Does the idea of public speaking instil a sense of terror? Do you get nervous about the AGM or perhaps its a looming conference address? Maybe you need some pointers or a complete overhaul in your stage etiquette?

Public speaking and addressing large crowds is no mean feat. It can be highly stressful and, often, demands a huge amount of preparation and energy. Whether it involves speaking to ten people or several hundred, an inexperienced speaker can be paralysed at the mere idea of it.

Career website ‘Mind Tools’ (http://www.mindtools.com/) points out that ‘being a good public speaker can enhance your reputation, boost your self-confidence, and open up countless opportunities’. If you cast your mind back to some of the most effective speeches, whether that by a famous politician or that hilarious best man speech, we can probably guarantee that that it was many of the following:

  1. Clear: their speech was concise and it was simple to follow. Their articulation and projection was also of a high quality. They were calm and consistent in their delivery.
  2. Engaging: the speaker held the room’s attention with humour and empathy, connecting to the audience
  3. Relevant: the content was informed and well-researched. Their audience learned something from them.
  4. Memorable: we bet that there are lines or moments that you remember from their address; punchlines and carefully exaggerated points.
  5. Confident: without self-assuredness or directness a speech loses its point. A good speech will be delivered by a vibrant, vehement person.

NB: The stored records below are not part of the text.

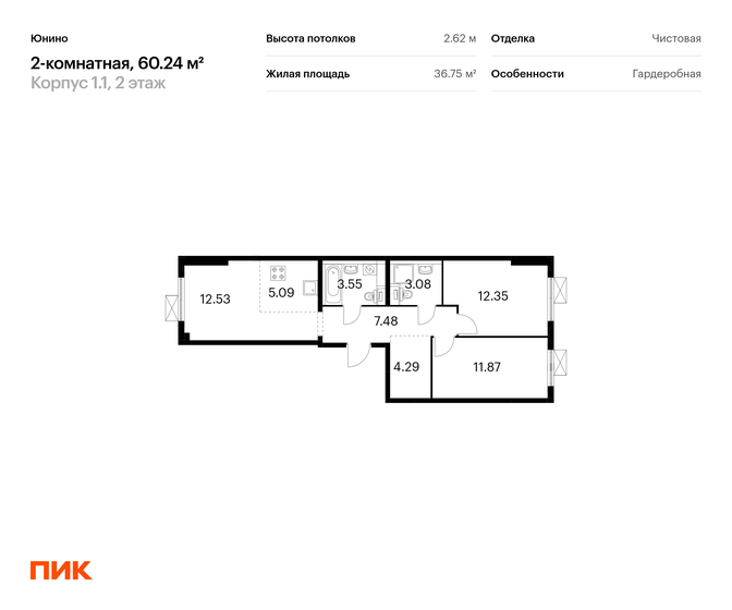 Продаётся 2-комн.квартира площадью 60.24 кв.м на 10 этаже 17 этажного дома (Корпус 1.1, секция 1) проекта ПИК Юнино. Светлый просторный подъезд на уровне земли, функциональная планировка, большие окна, с отделкой.
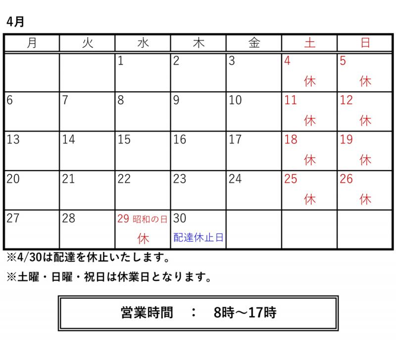 4月の休業日
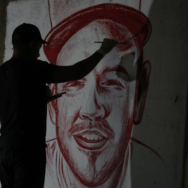 Con la sangre que cinco jóvenes han donado diluida en un pigmento que le ayuda a no oxidarse y a permanecer en la pared, dibujaron la cara del popular René Pérez, cuyas letras son coreadas en protestas, y también una paloma de la paz en un antiguo depósito de agua, que nunca funcionó porque estaba mal construido y que acabó convertido en basurero.
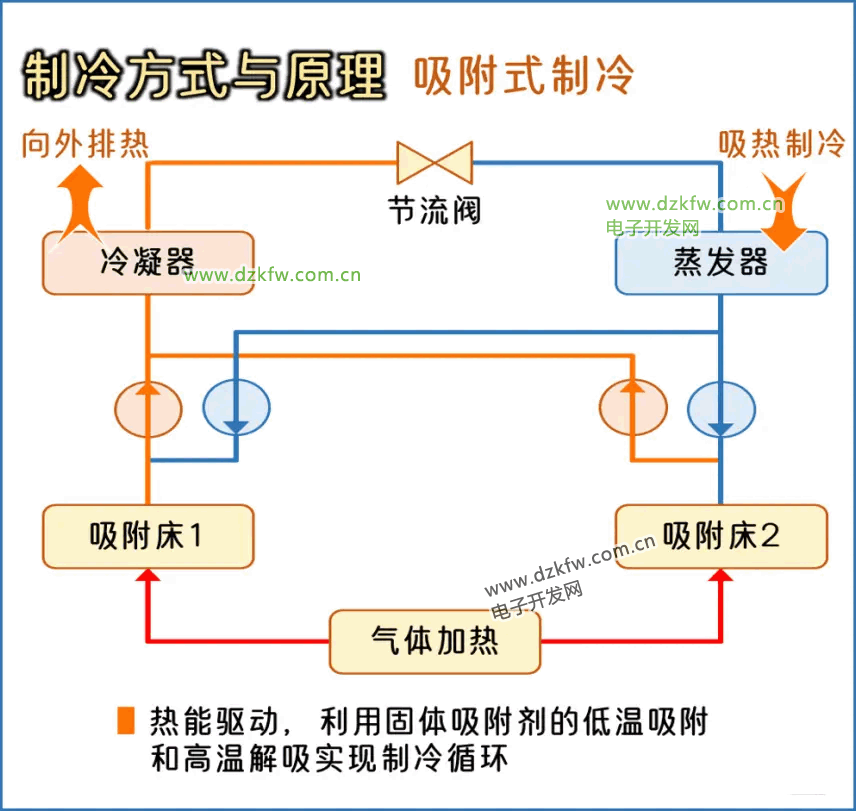 吸附劑吸附制冷劑蒸氣時,蒸發(fā)器內(nèi)液態(tài)制冷劑蒸發(fā)吸熱(對外部制冷)。吸附劑再生加熱,脫附的制冷劑蒸氣到冷凝器內(nèi)冷凝放熱,完成一個制冷循環(huán)。
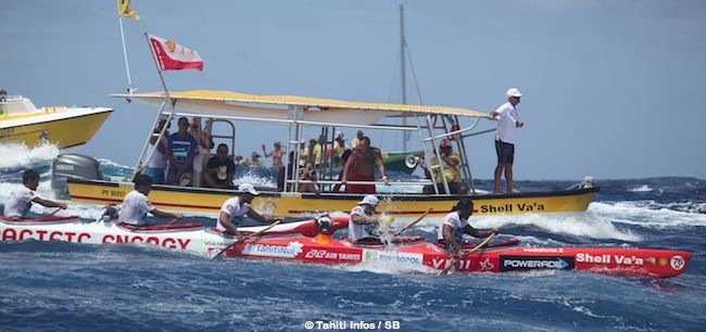 HUAHINE, le 3 novembre 2014. Shell Va’a est le club qui a le plus gros palmarès, au niveau local comme international. On le jalouse, on l’admire et il ne laisse personne indifférent. En 2013, il gagnait presque toutes les courses locales, gagnait Moloka’i mais terminait 5ème à Hawaiki Nui. L’année 2014 est mitigée avec de belles victoires comme lors du Fa’ati Moorea mais aussi avec cette 2ème place à Moloka’i derrière Edt Va’a qui met fin à une série de 8 victoires à Hawai’i.

Most of the time, it is the unknown and the fear of stalling, being difficult to understand or boring that worries many. There are ways of facing these issues and dealing with them head on. With our help, an experienced voice & stage coach will take you and/ or a group through a series of intensive steps to achieve a higher quality in public speaking.
In just one session you and/ or your fellow colleagues will learn to:

  1. Deal with nerves successfully and use them for the better.
  2. Project the voice.
  3. Articulate. Countless people have no idea just much they mumble or lack articulation. It is key to an informative, fresh and clear address.
  4.  Improve body language, encouraging your audience to fully engage.
  5. Regulate breathing, therefore, improving the quality of the voice.
  6. Improve sight reading. There are tricks to successful sight reading and they are here to be learned.
  7. Enjoy the experience of public speaking. Practise is key; we bring participants through a series of exercises and opportunities to show what they have achieved.